Salvage

Jane Lin

 

the deliberate concision of words

               my beloved 

what is excised lifted instead of falling away

               present for every intimate moment 

the room requiring this paring

               from lovemaking to grief to climbing in and out
             
of a wheelchair because I can't bear 

this whittling

              any position to get to the hospital room,
              
intestine looped shut

lifted and set

              here, as private as pain gets
              
in the emergency room

private as cupped hands 
                                                   for the flicker

 
 

Silhouette

Jane Lin

 

1.

I don't know your grief, only its profile
when I look at you, my friend. 
The black shape of paper 
cut by your mother perfectly alive then absolutely—

My mother a few weeks later.

 

2. 

You called when the press of ritual 
and practical was done, your message
playing into my dull brain the last night
in the hospital. Volunteers chanted 
hour after hour beside my mother's body.
At the end, they said her face smiled.

 

3.

Full light for full shadow.

 

4.

A Buddhist chant for a corpse
in a wing meant for recovery. An elevator
that stops at every floor on the Sabbath.

A building with no fourth floor
because the Chinese four is a homonym
for death.

 

5.

I had been told it was coming quickly by one 
doctor while another plotted the next
treatment, another pondered
taking her home. 
                                   When the minute snipped,
I was present and 
surprised.

 

6.

Then the call to my brother. Like someone's call
to you.

 

7.

After years of uncertainty, I had expected 
vigil.
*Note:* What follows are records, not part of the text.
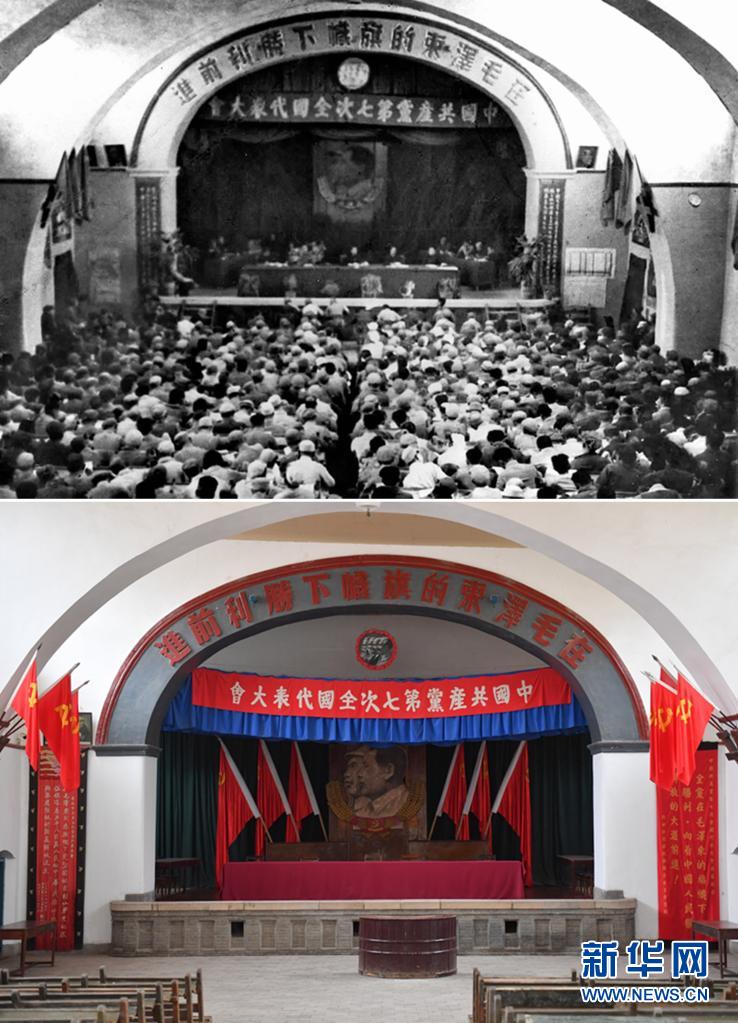 拼版照片:上圖是中共七大會場(資料照片),下圖是2021年3月31日拍攝的位于延安市楊家?guī)X革命舊址的中共七大會場(新華社記者 張博文 攝)。新華社發(fā)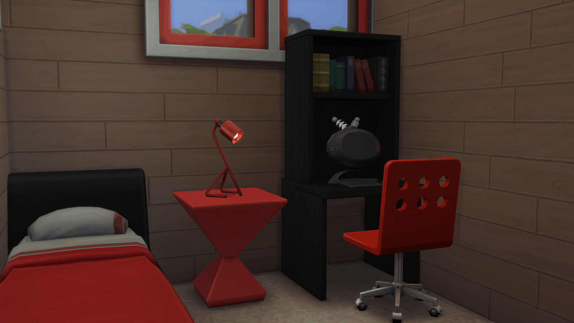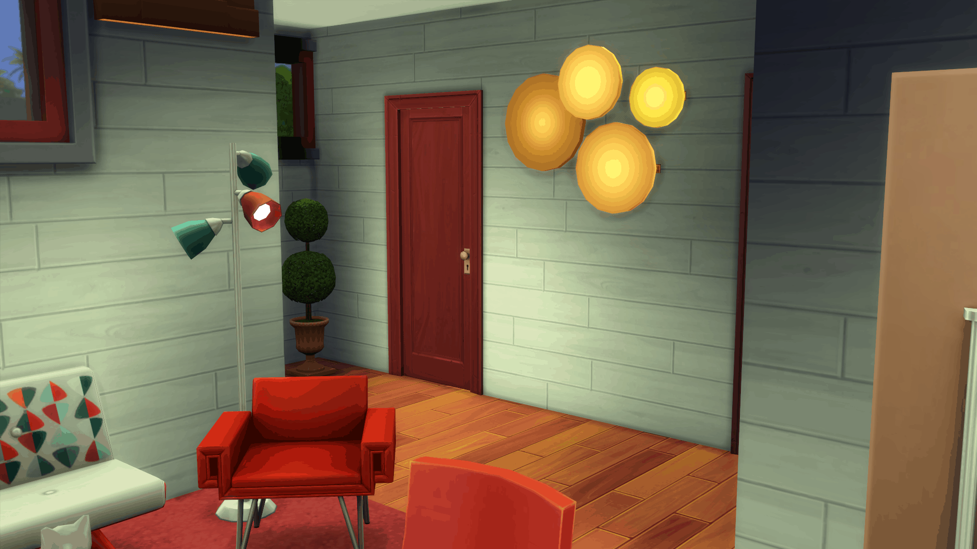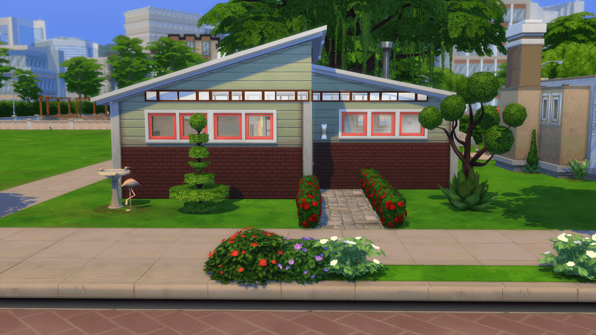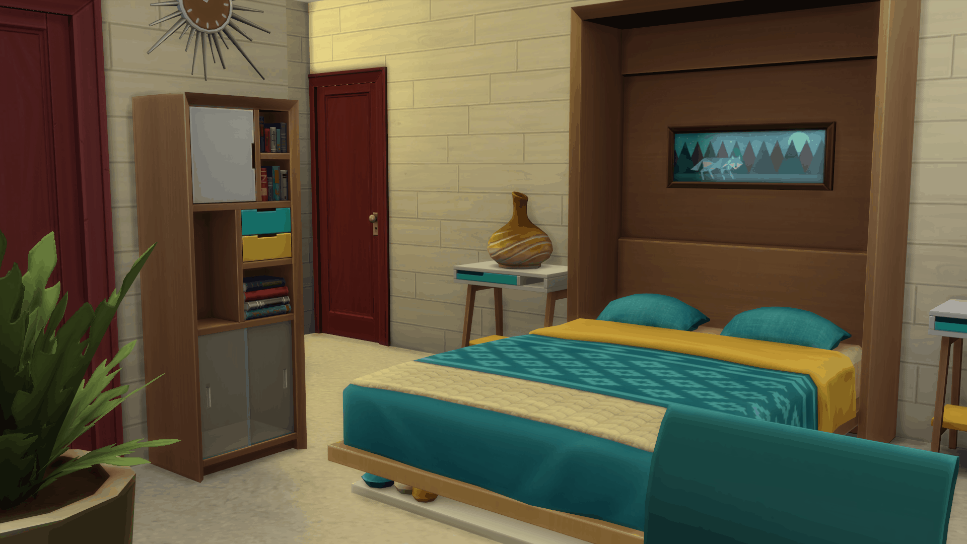 Hello fellow Simmers! I’m back again with another mid-century modern house design from my fictional Atomic Acres neighborhood. I really loved building this one in traditional style, and I like the roof lines I chose for the exterior look. I think it turned out to be very eye-catching. I chose mostly reds, greens, and yellows for the classic and iconic Atomic and Space Age appeal. This is a two bedroom small home or starter home. Perfect for starting a family. The smaller room done in red and black can be for children or teens (or a nursery if you change it around) and the larger bedroom has the Tiny Living themed objects, including a fold-out bed. There are two full bathrooms as well. It has a pool and a patio for the enclosed backyard. I hope you all enjoy it!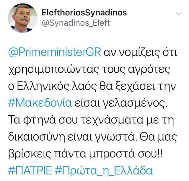Ο Ευρωβουλευτής Ελευθέριος Συναδινός τα έχει «πάρει στο κρανίο» και φαίνεται πως έχει αντιληφθεί πλήρως τον τρόπο με τον οποίο κινούνται και απεργάζονται τα ανθελληνικά σχέδια οι μπολσεβίκοι του ΣΥΡΙΖΑ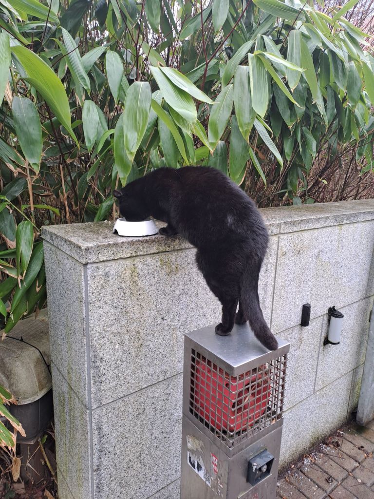Maynooth University Library Cat has endured the very cold weather we have had recently, but when I met him this lunchtime he was rather hungry. So much so that he scratched my hand in his eagerness to get at the food I put out for him…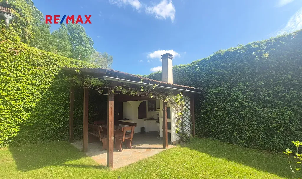 Z obytné části se dá vejít do dvora, kde se nachází nebyt. část s kotelnou, WC a umyvadlem. Dvůr je uzavřený, nachází se zde zastřešené podloubí (42,70 m2) podél celé délky vnitřního bazénu, do kterého je vstup ze dvora prosklenými posuvnými dveřmi. Bazén je plně funkční. Na stavbu bazénu navazují další nebyt. prostory, a to: černá kuchyně, ve které se nachází kamna na TP, el. sporák a je zde zavedený přívod SV i TV, dále komora a dvě velké garáže. Na uzavřeném dvorku se dále nachází zastřešený přístřešek 8,30 m2 s posezením u krbu, udírny a pecí na pizzu. Zahrada za domem je pravidelně a krásně udržovaná.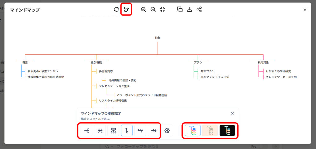 マインドマップ生成後、画面上部の「構造とスタイルを選ぶ」アイコンをクリックすれば、提示された候補の中から構造やスタイルを自由に変更できます。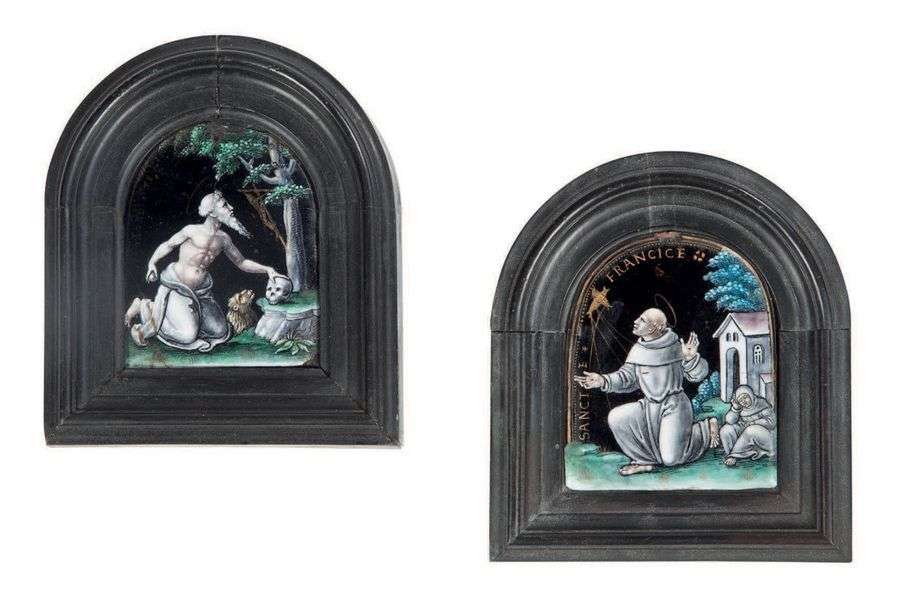 Ensemble de deux plaques en cuivre émaillé figurant pour l'une Saint François et pour l'autre un adorant.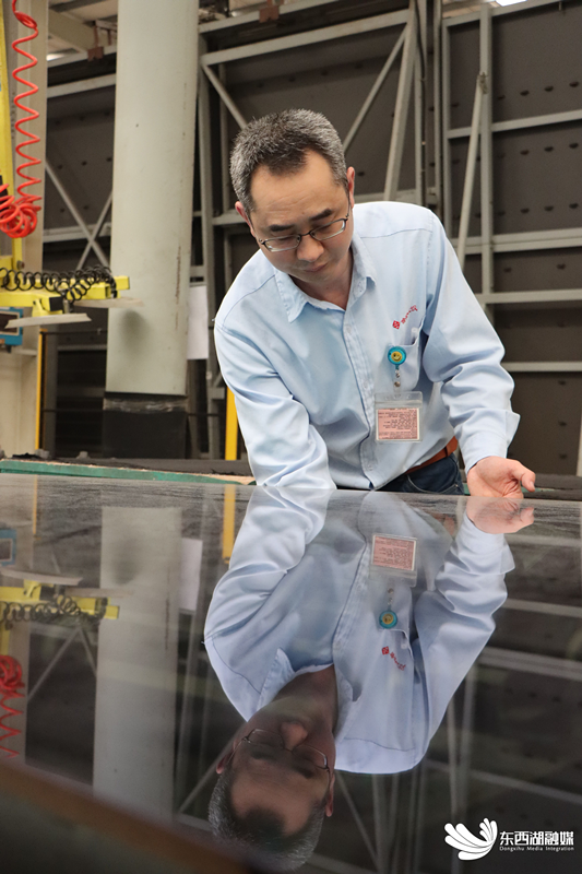 武汉一摩天大楼项目由10万方玻璃幕墙组成,建设周期长达8年,“连续6年供货,需要保证每个批次颜色一致。” 要确保每块玻璃颜色一致,需要实行有效的颜色质量控制过程。汤祥武介绍,第一批产品事前留样储存,后面的批次都是根据样品标准生产,比对合格后批量生产,保证每块玻璃的颜色都是一样的。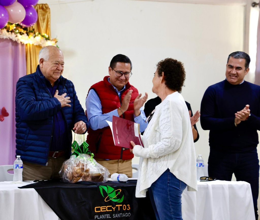 El gobernador del estado, Víctor Manuel Castro Cosío, encabezó la entrega de apoyos en el Plantel CECyT 03 Santiago, como parte de las acciones de la administración estatal para fortalecer la educación y atender necesidades sociales prioritarias.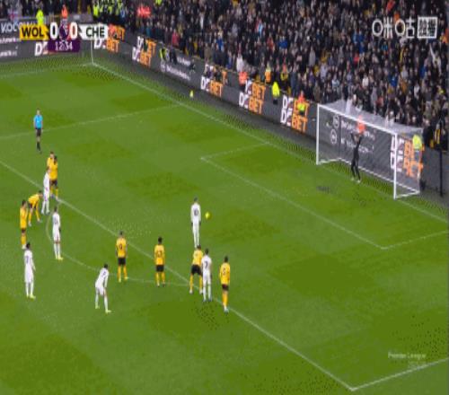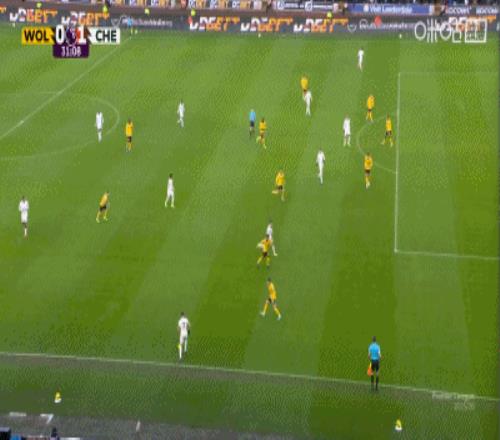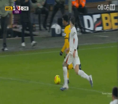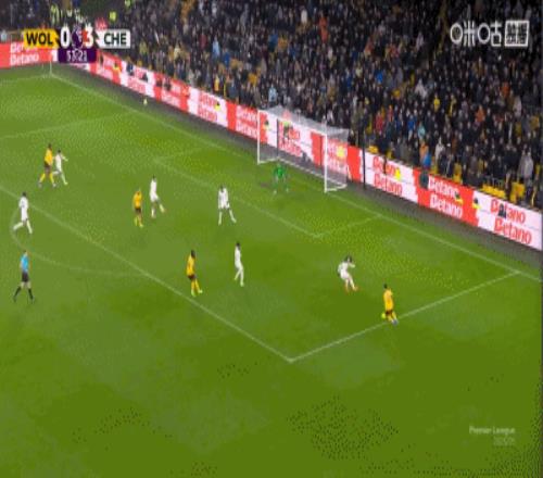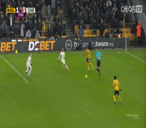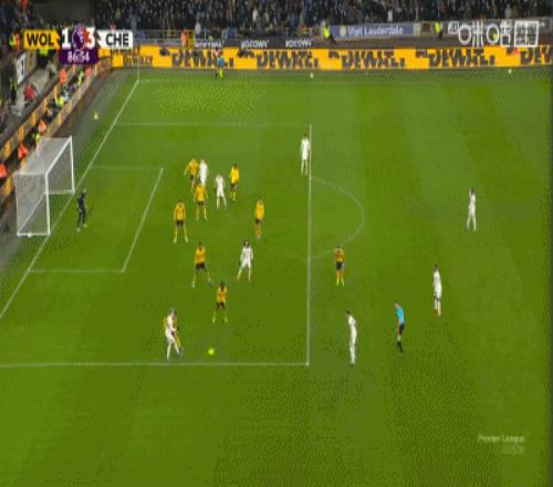 第54分鐘,扳回一城,阿羅科達(dá)雷轉(zhuǎn)身破門,狼隊(duì)1-3切爾西

Wonder when you know 
someone is dying—Grandmother, 
the 97-year-old neighbor, the niece in hospice—
Is it today, this hour?

 

8.

I don't know your grief, only the longing
for what isn't here.

 

9.

Call upon the Compassionate Buddha
to melt her karma, take her 
                                                  to the Pure Land.

Namo amituofo

 

10.

We clear the room, leave 
the light, a blank sheet of paper.


'“Salvage” arose out of lines I cut from a poem called “Room of Requirement” about witnessing my mother's pain in the hospital. While the original poem was strengthened, I felt compelled to consider what I'd removed and rescue it.

I have Arthur Sze to thank for prodding me beyond a clunky metaphor in “Silhouette” to search deeper and expose what was really in my heart. The result is both a turning inward and reaching out. The structure was influenced by John Edgar Wideman's short story “Newborn Thrown in Trash and Dies.”'


Jane Lin is a poet, teacher, and software engineer, and manages a small HW/SW company in Northern New Mexico. She received her MFA from New York University, a fellowship from Kundiman, and scholarships from Bread Loaf Writers' Conference and Taos Summer Writers' Conference. Poems have recently appeared in Asian American Literary Review, Cura, jmww, and Spoon River Poetry Review. Her first book, Day of Clean Brightness, is forthcoming from 3: A Taos Press.